Niños en edad escolar se enfrentan a pena de cárcel por pintar en los libros sobre el rostro del presidente
Los expertos internacionales del comité de investigación de la ONU para Burundi han hallado indicios de torturas y desapariciones forzadas en el país africano, inmerso desde hace meses en una crisis política detonada por el presidente Pierre Nkurunzuza y que según Naciones Unidas todavía está lejos de terminar.
La victoria de Nkurunziza en las últimas elecciones de julio de 2015 -- a las que compareció a pesar de que la oposición denunció que era anticonstitucional --, abrió gravísimos episodios de violencia, ejecuciones, abusos y desapariciones forzadas instigados presuntamente por las fuerzas de seguridad burundesas, así como la detención de decenas de activistas contra el Gobierno.
Ahora, la llamada Investigación Independiente de Naciones Unidas sobre Burundi (la UNIIB, por sus siglas en inglés) registra una "calma relativa" en el país, que sin embargo "no debería confundirse con un final de la crisis", en palabras de uno de los tres expertos que han visitado el país, el relator especial de la ONU para Ejecuciones Extrajudiciales, Sumarias o Arbitrarias, Christof Hayns.
"Uno de los avances más importantes desde principios de año ha consistido en el descenso significativo del número de ejecuciones", indicó Hayns en un comentario matizado por su compañero de investigación, el experto colombiano en procesos de reconciliación nacional, Pablo de Greiff.
"Esta calma", apuntó De Greiff, "no debería confundirse con estabilidad a largo plazo porque todavía existen graves preocupaciones sobre la situación de los derechos humanos y no hay indicios de disminución de desapariciones forzadas o tortura.
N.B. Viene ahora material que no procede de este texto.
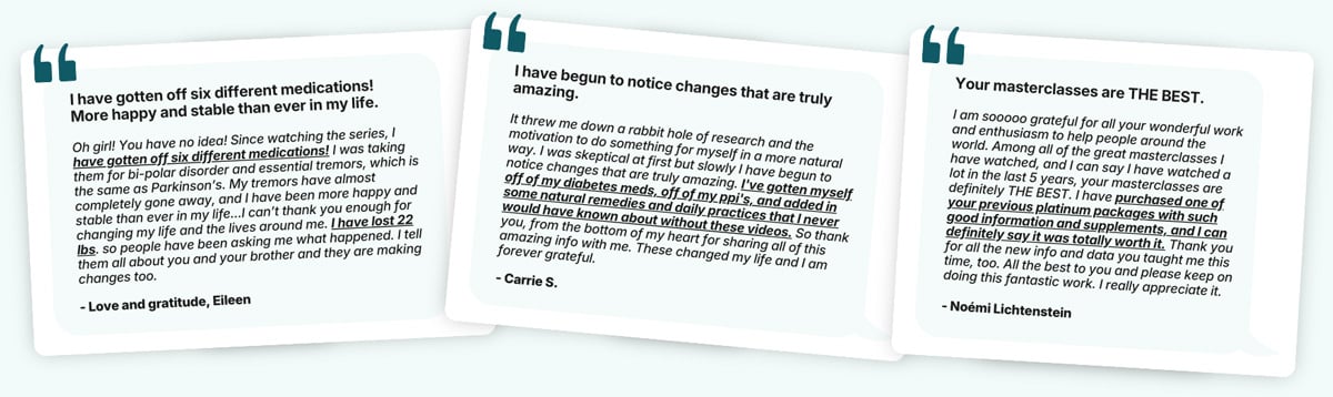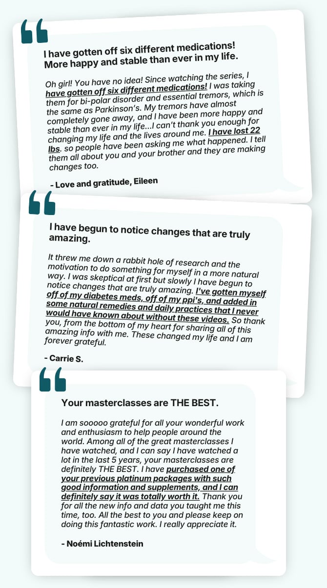 We truly believe that by teaching others the pathway to health, we have the power to change lives. By owning the series and joining our community through our special bonuses, you empower us to create more content in the future. Our vision is to get this message out as far and wide as possible. Together with your help, we can impact generations to come by raising awareness and giving people the tools they need to restore their health.

La impunidad sigue a la orden del día".
Además, los expertos denuncian que la mayoría de los presos políticos siguen en la cárcel y, peor aún, que las autoridades burundesas han extendido sus detenciones arbitrarias a la población civil, niños incluidos, por el mero hecho de pintar en sus libros escolares sobre el rostro del jefe del Estado".
"Algunos de ellos se enfrentan a condenas de entre cinco y diez años de cárcel", ha manifestado Heyns, mientras la experta en desplazados, la argelina Maya Sahli Fadel, ha expresado su "desconcierto" ante el "estado de caos en el que se encuentra la sociedad civil en Burundi, o lo que queda de ella", dada la suspensión en vigor sobre la mayoría de las ONG, "y las que pueden trabajar lo hacen en un clima de miedo e intimidación".
Estas son las informaciones preliminares del grupo de expertos, que enviará su informe final sobre Burundi al Consejo de Derechos Humanos de Naciones Unidas en septiembre de 2016.